At the beginning of the year, we had ANR rate above the Google Play threshold for the Badoo application — operated by its parent company Bumble. So, we set up an ad-hoc team to work on this problem and spent a few months trying different approaches to fix it. By the end of the period, we managed to reduce the number of ANRs by more than six times.
In this blog post series, I will share our journey of reducing this type of error and describe exactly what were the most effective approaches and how you can apply them to your application. In Part 1 of this series, we will discuss what ANR is and what are the best ways of tracking them. If you already know about this part, feel free to jump straight to Part 2 where I explain our approaches to fix ANRs.
What is an ANR error?
Usually, any software that has a visual interface performs all UI-related operations and rendering in a separate “UI” thread. Android is no exception, with the main thread of the app running a loop responsible for all UI operations:
When using this loop, it is crucial not to execute any long-running operations, as they directly affect the responsiveness of your app.
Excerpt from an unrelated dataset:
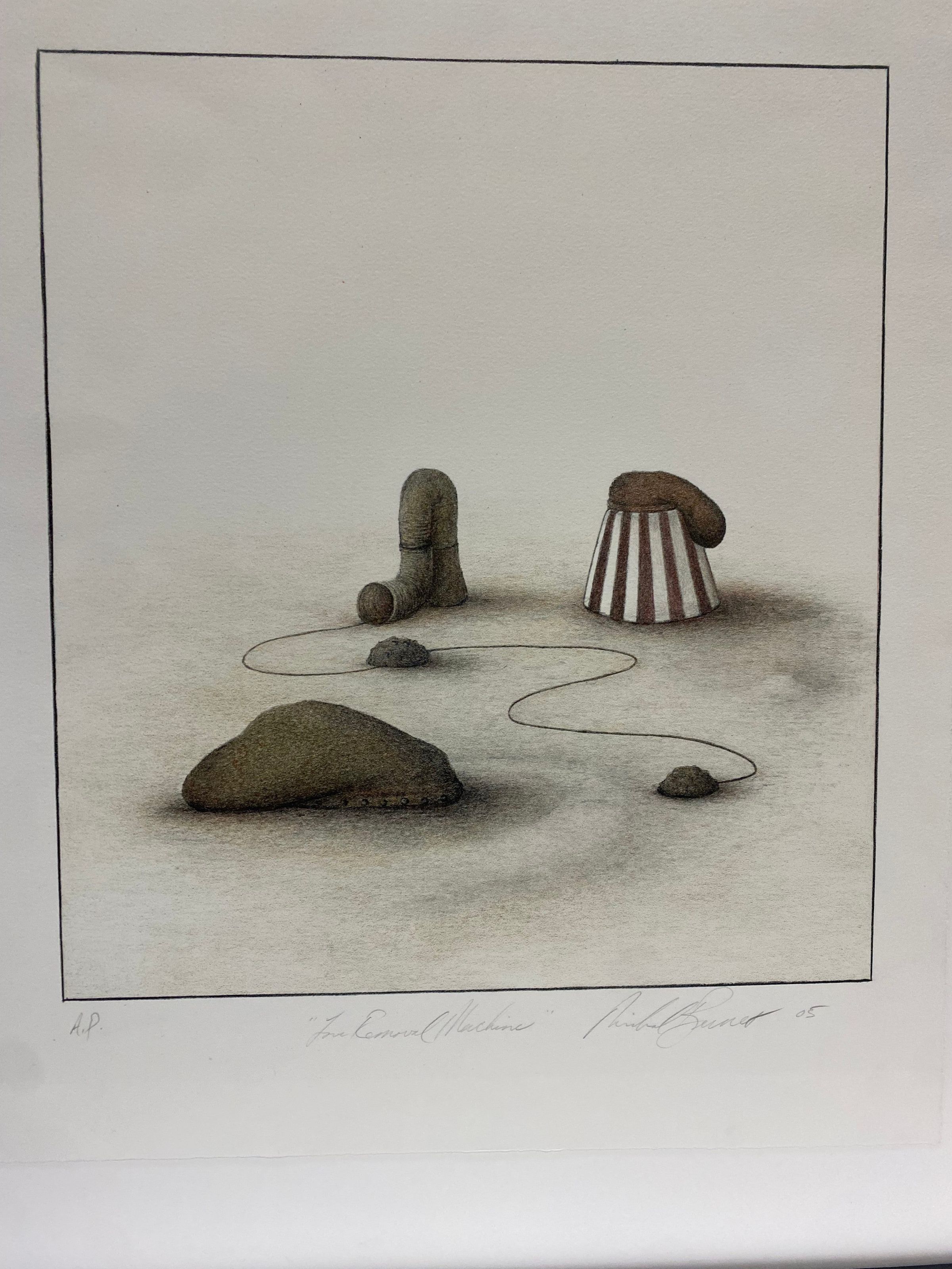 Medium vertical lithographic print of abstract amorphic figures utilizing black, brown, red, and white tones centered on cotton rag paper.Collection

If you are doing too much work on the main thread, you may decrease the frame rate or even hang the application’s user interface, like this:
To provide a clear indication that the app is stuck, Android has introduced a concept called ANR. This is what the official documentation says on this:
When the UI thread of an Android app is blocked for too long, an Application Not Responding (ANR) error is triggered.
An ANR will be triggered for your app when one of the following conditions occur:
1) While your activity is in the foreground, your app has not responded to an input event or BroadcastReceiver, such as key press or screen touch events, within 5 seconds
2) While you do not have an activity in the foreground, your BroadcastReceiver hasn’t finished executing within a considerable amount of time
If the ANR is triggered when your application has an activity in the foreground, Android shows a dialogue suggesting either to close the app or to wait.
You can force ANR by simply putting Thread.sleep() invocation in a UI event handler, such as button click. Then, if you click on the button you will see a dialogue like this:
Having ANRs not only affects your application’s user experience but also, according to Google documentation, can affect search ranking and Google Play promotions.
To prevent ANRs we need to avoid performing any long-running operations on the main thread. This sounds simple enough but sometimes it can be tricky to identify the underlying problem. Therefore, it is vital to have good ANR reporting to ease this process.
Let’s see what the available options and tools are that can help with the investigation of these issues.
Analysing ANRs locally
If you are able to reproduce an ANR locally, then that’s great news because it should be fairly easy to pinpoint the source of the problem and there are many ways to dig into it.
A good start is to check the thread dump. When ANR is occurring, Android captures a thread dump which can help analyse the cause. Thread dumps are usually stored in the /data/anr/ directory. The exact name of the file can be found in the logs. Just check the logcat right after when the ANR is reported.
The thread dump contains a list of stack traces: for each thread, you will see which line was being executed at the time — basically representing the state of the application at the precise moment it occurred.
In most cases, you will find the reason for the ANR just by looking at the main thread stack trace. In other cases, check out this great documentation page from Google that describes how to investigate ANRs locally using different tools.
Google Play Tracking
Google Play automatically sends ANR reports if users opted in for the crash report collection. The Google Play console has several metrics and tools for analysing ANRs.
Firstly, it provides a way to check aggregated graphs for both absolute ANR count per day and the ANR rate. The ANR rate is defined as a ratio between daily sessions affected by at least one ANR to total daily sessions. This metric also has a threshold of 0.47%; exceed this and it will be classified as “bad behaviour”, which can negatively impact your Google Play listing.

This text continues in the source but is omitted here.